@TheOriginalCane
Please repost your detailed explanation as to why these rankings are not academically based.
Somewhere on this board, I did a lengthy snooze-inducing analysis. I will give the Cliffiest of Cliffs Notes here.
Well more than HALF of the US News score that makes up our "academic" ranking is based on NON-academic factors, or at least factors that are only slightly academic in nature.
So there are factors such as student-teacher ratio (mild "academic" connection) and student loan balance ratios (not really "academic" and certainly more pronounced for private schools vs. state schools) that can cause our "ranking" to fluctuate each year, even if nothing substantive has changed on the academic front.

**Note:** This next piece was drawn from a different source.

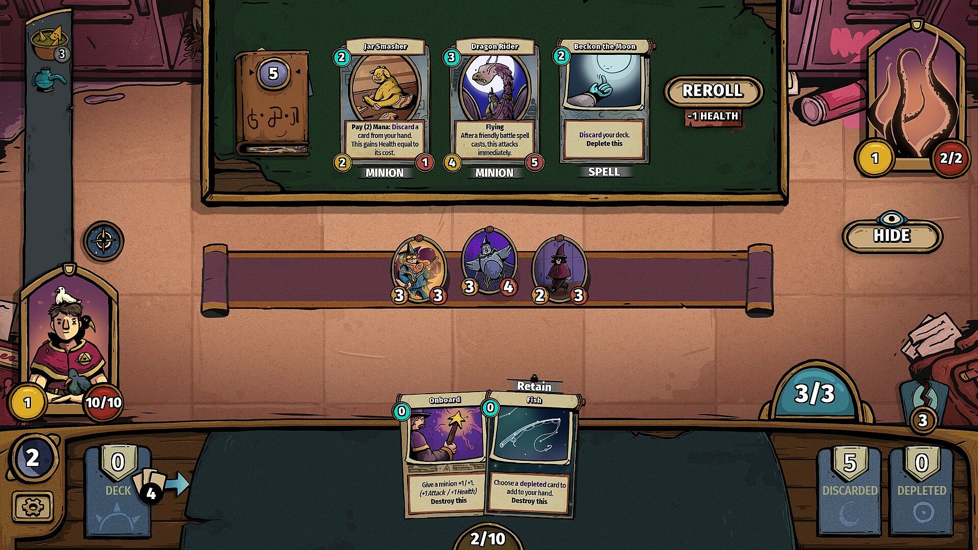 A challenging deck-building auto-battler requiring you to out-think your opponents in your attempt to Become The Moon. Cycle through your decks to level-up and unlock more powerful cards and spells. Consider every move, use your mana wisely, and carefully manage your health. Acquire relics, minions, and spells as you look to overcome the difficult journey that awaits.

There are other factors such as "selectivity index" (percentage of applicants accepted) that might SEEM to indicate "academic" excellence, but are really just popularity factors. As we have discussed before, ALABAMA has been moving up in this regard DUE TO THE SUCCESS OF THE FOOTBALL TEAM, but not because they added some really great academic programs.
Finally, there is a decent chunk of the score that is "academic", but for which there is very little transparency or explanation of how that component is computed. In a PURE sense, one would think that academic "excellence" is a factor that should not be subject to huge year-over-year fluctuations, and yet...we have the US News rankings moving around like it was the AP football poll.
[And none of this addresses the CHEATING and juking of the system that some schools like Columbia have employed, but that's a discussion for another day.]
For three decades (from the early 1980s to the late 2000s), the University of Miami enjoyed a slow-and-steady climb from a ranking in the 90s (we were #88 when I enrolled as a freshman in 1986) to a ranking in the 30s. Since that time, we have been back-sliding, and it has continued to get worse under Frenk.
Here is what we are going to need to do (no joke here, these are things that will help):
1. Better football team - which leads to more applicants, which leads to more rejections, which leads to higher selectivity index
2. Cutting overall class size again - Tad Foote turbo-charged our first run up the rankings by cutting the undergrad enrollment in the early 1980s, and we have been growing the enrollment for the past 15 years or so as we built more classroom and dorm and parking capacity on campus. Now it's time to go back in the other direction, cutting enrollment again.
3. Need more fund-raising for scholarships - Miami ain't cheap, and student loan programs are not raising the max student loan amount as fast as colleges have been raising their tuition rates. Simply stated, we have to raise more money to endow more scholarships, and make Miami a place that is affordable for top students who do not come from wealthy families.